Nach den unfassbaren Ereignissen, die sich letzte Woche in und um das Capitol zu Washington zugetragen haben, kommen wir nicht umhin, das neue Nerdfunk-Jahr mit einer Sendung zu diesen Ereignissen zu beginnen.

Wir beschäftigen uns damit, wie uns die sozialen Medien über den Sturm aufs Kongressgebäude informiert und wie wir diese Flut an Information, Meinungen und Memes verarbeitet und verkraftet haben. Was ist von der Inszenierung zu halten? Welche Bedeutung haben die Memes: Helfen sie bei der Verarbeitung oder sind sie eine gefährliche Verharmlosung?

Nach dem Rauswurf von Trump bei Twitter und Facebook stellt sich die Frage, ob dieser Schritt nun richtig, längst überfällig oder aus Sicht der Meinungsfreiheit doch ein Fehler war. Und wir beschäftigen uns mit der alten Frage, wie die sozialen Medien zu kontrollieren wären? Vielleicht mittels einer Idee, die derzeit in Deutschland diskutiert wird und die einem  Plattform-Rat die Entscheidungsgewalt darüber gäbe, was erlaubt ist und was nicht.

Die Links zur Episode: https://nerdfunk.ch/nerdfunk-555/

Das himmelblaue Chilbimonster

Das war ein Skandal mit Ansage: Im März 2018 enthüllten mehrere Medien, gestützt auf den Whistleblower Christopher Wylie, wie die dubiose Datenanalysefirma Cambridge Analytica persönliche Informationen von Millionen Facebook-Nutzern absaugen konnte. Diese Daten wurden im US-Wahlkampf 2015 für die Präsidentschaftskandidatur des republikanischen Sentators Ted Cruz verwendet, um Wähler mit massgeschneiderten politischen Botschaften einzudecken. Und sie haben offenbar 2016 auch bei der Brexit-Abstimmung eine Rolle gespielt.
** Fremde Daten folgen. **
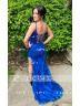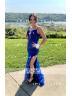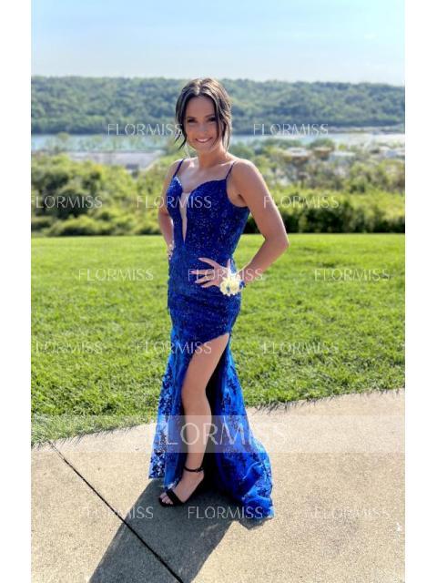 Sheath/Column Straps Sweep Train Lace Prom Dress With Leg Slit

Facebook geht unvorsichtig mit den Nutzerdaten um: «Wen wundert es?» fragen sich die einen. «Jetzt ist Facebook zu weit gegangen», wettern die anderen – und die Empörung ist bei allen gross. Wir gehen der Sache nüchtern auf den Grund, bewerten das Ausmass und diskutieren Forderungen: Was ist passiert und wie gross war und ist der Einfluss des sozialen Netzwerks bei Abstimmungen und Wahlen? Braucht es Massnahmen? Müssen wir – Stichwort #DeleteFacebook – alle Zuckerberg den Rücken kehren? Braucht es politische Massnahmen oder einen kompletten Neuanfang in Sachen Social Media?